Порывшись в кармане, он достал смолистую лучину, взятую из дома. Она давала больше света, чем помаргивающая свечка. Маркус поднес конец лучины к пламени, и та сразу же вспыхнула.

– Спасибо. – Щипцы мистрис Бишоп подхватили лучину. – А ты, оказывается, знаком со строением тела. Не из гарвардских ли студентов будешь?

Даже будь он студентом, пренебрежение в глазах мистрис Бишоп заставило бы его это отрицать. Она явно не жаловала тамошнее образование.

– Нет, мэм. Я из Хедли, – ответил Маркус, тревожно глядя на бледное лицо и посиневшие губы Джимми. – По-моему, Джимми не хватает воздуха.

– Нам всем не хватает воздуха.

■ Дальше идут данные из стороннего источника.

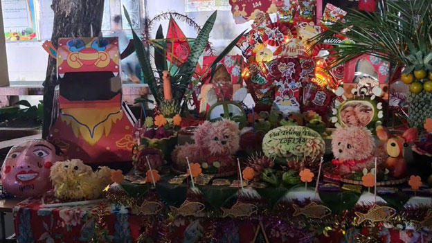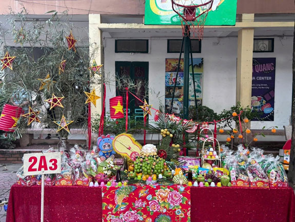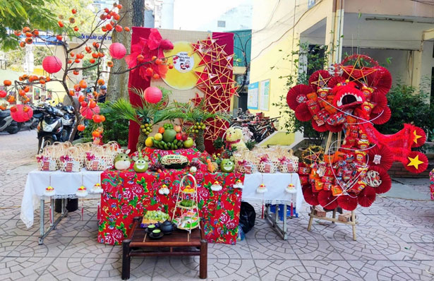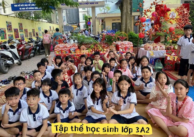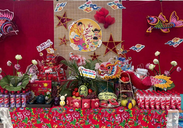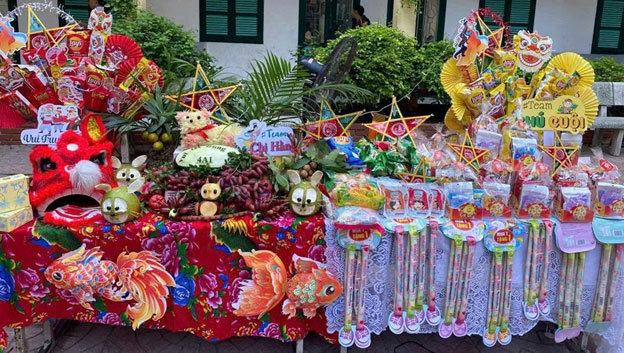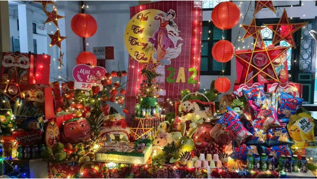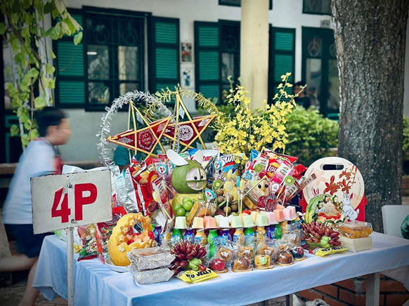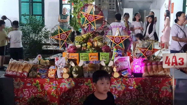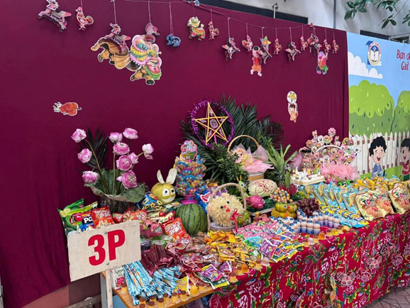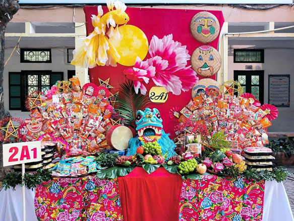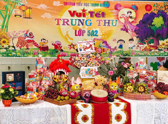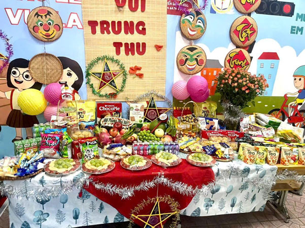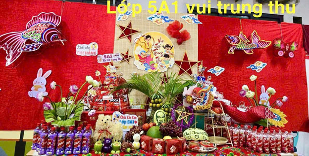 Ngay từ khâu chuẩn bị, các lớp đã hào hứng bày trí mâm cỗ Trung thu lớp mình ở sân trường. Mỗi mâm cỗ đẹp một vẻ nhưng có điểm chung là mâm nào cũng đầy đặn và là sự tổng hòa của những món các em thích nhất.

Особенно с таким дымом. – Сказав это, мистрис Бишоп глубоко затянулась и выпустила густое облако дыма. – А он немного поспит, – добавила она, взглянув на Джимми.

Маркус благоразумно воздержался от вопроса, проснется ли мальчишка вообще.

– Мне понадобилось восемнадцать часов, чтобы помочь этому мальцу появиться на свет. А какой-то идиот одним выстрелом мог бы сжить его со свету. – Мистрис Бишоп достала из кармана небольшую фляжку. – Война – напрасная трата женского времени.

Мистрис Бишоп зубами вытащила пробку и выплюнула в огонь. Послышался хлопок, затем шипение, после чего пробка ярко вспыхнула. Врачевательница сделала солидный глоток и протянула фляжку Маркусу.

– Спасибо. Я не буду.

Маркус и сейчас чувствовал, что его в любой момент может вывернуть. Воспоминания о битве рвались заполонить его разум.

Он убил человека. Где-то в Англии завтра проснется мать, еще не зная, что у нее больше нет сына. И в этом виноват он, Маркус Макнил.

– В следующий раз, прежде чем спустить курок, подумай о той рыдающей матери, – сказала мистрис Бишоп, снова поднося фляжку к губам.

Эта рыжая женщина непостижимым образом узнала о том, что будоражило больную совесть Маркуса. Удивленный и напуганный ее проницательностью, Маркус зажал рот ладонью, чувствуя новые позывы на рвоту. Мистрис Бишоп сердито посмотрела на него, щуря светло-карие глаза:

– Только не вздумай рассказывать мне, как это тебя всколыхнуло и взбудоражило. У меня нет времени выслушивать твои охи и вздохи. Тут один из парней Проктора улепетывал от англичан, угодил в яму и сломал ногу. Первая вразумительная история о сражении, которую я сегодня услышала.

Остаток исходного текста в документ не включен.